01 February 2011

Tombstone Tuesday--Stone Pictures

I'm back in one of my favorite local cemeteries again this week.  The cool dark shadyness of Clark Cemetery make it a wonderful place to visit on hot summer days.  Ah, not that is a consideration as a sever winter storm is preparing to blow down on us at I type.  But still, in summer a great place to visit.
I was struck by the carvings on the stones in some of the photos we have of Clark cemetery.
This one for the Ish family is rugged and massive.  Looking rough hewn, but I bet it took a lot of work to make it look so rough and "I don't care."  The banner-like smooth area is a great contrast to the rest of the family stone.
But the ones that caught my eye while browsing through the pictures were the stones for children and young adults.
 The first one I saw was this double stone for Hattie who died 4 January 1869 and Frankie who died 3 May 1876.  Hattie died at the age of 2 years 4 months and either 7 or 17 days.  Frankie was only 8 months and 16 days.  I had thought that they must have died at the same time, since the marker is a double stone.  Perhaps in an epidemic or something.  However, they died 7 years apart.  The weathering on the stones make the pictures a bit hard to decipher.  Frankie's half of the stone depicts a dove flying away.  Hattie's is harder to make out.  As best as I can make out, it is of a hand clutching a bunch of flowers. Sandy, on the other hand, thinks Hattie's picture looks like a bird descending at an angle. 

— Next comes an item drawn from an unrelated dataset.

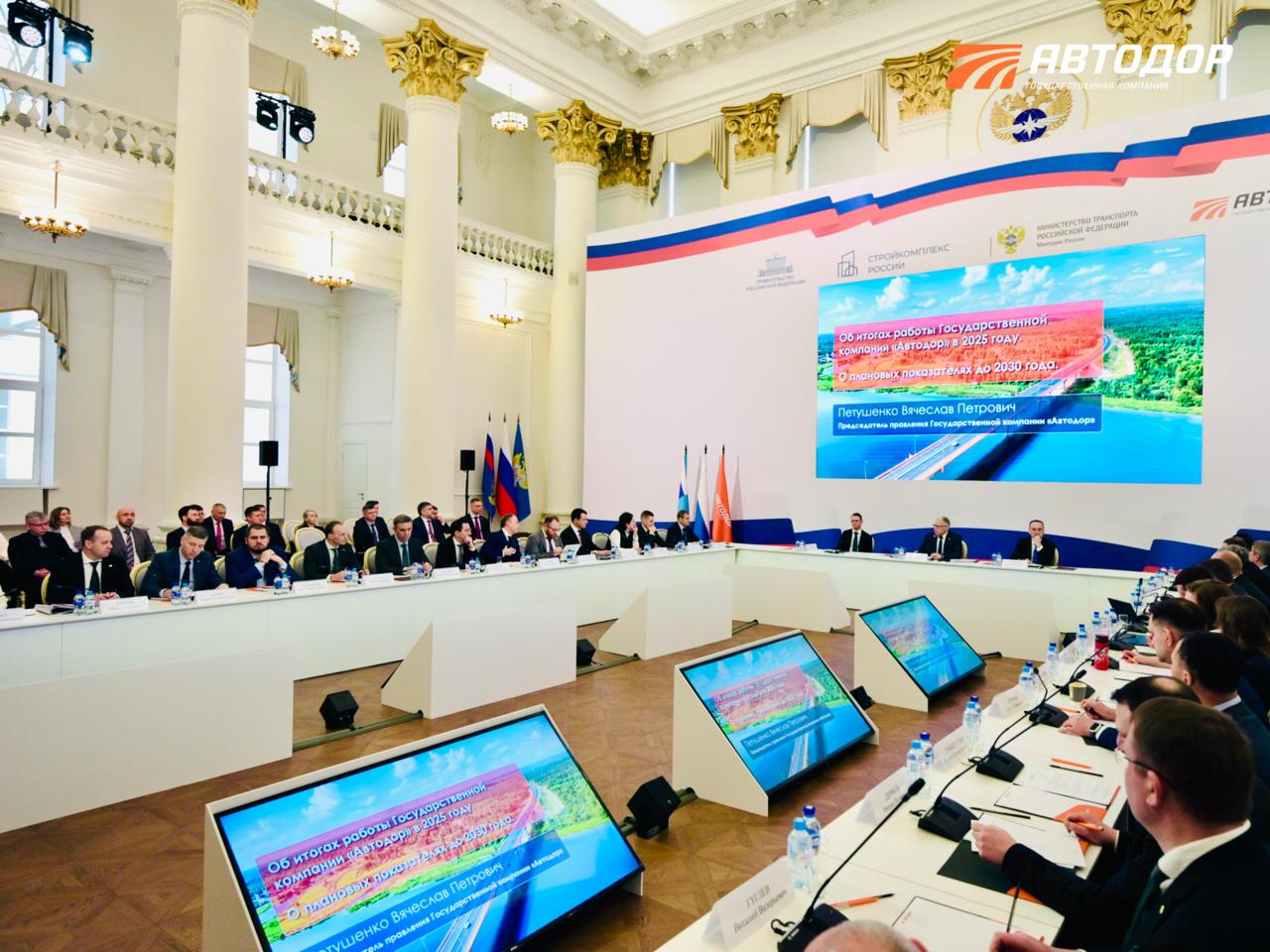 С приветственным словом выступил глава Госкомпании «Автодор» Вячеслав Петушенко. Он подвел итоги исполнения Программы деятельности Госкомпании и дочерних обществ в 2025 году.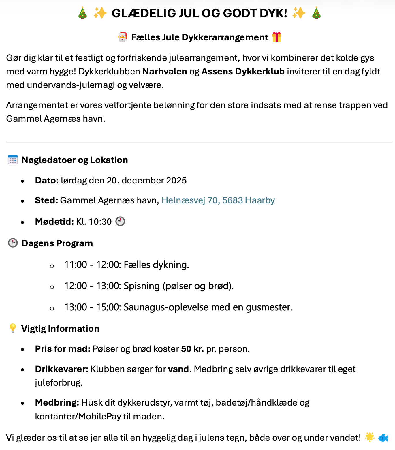 Fælles Jule Dykkerarrangement

This next stone is also a double stone.  Our Little Lambs is the inscription around the inside of the crest, followed by Joseph and (another name) Stevens.  Sandy and I both studied that name.  We cannot make it out at all,  _____ie is all we can make of it, no matter how we zoom out and in.  But the two lambs on top of the stone, with the "Our Little Lambs" is so touching a memorial to the Stevens children.
Susan A, wife of E. J. Budlong died on 15 Feb 1879 and she wasn't a child, but at the age of only 20 years, 2 months, 2 days she was far from childhood.  The picture of the hand reaching down to pick the flower in full bloom, is so appropriate here.
Finally, I had to share this picture of several stones in a rather overgrown plot.  I cannot read any of the information on the stones but the light one on the right side caught my eye.  Around the edge is a lovely rope like border.  And in the oval again is a picture of a little lamb.
Stones like these make me wish to know the stories behind the stones, so they will be remembered as more than just a marker.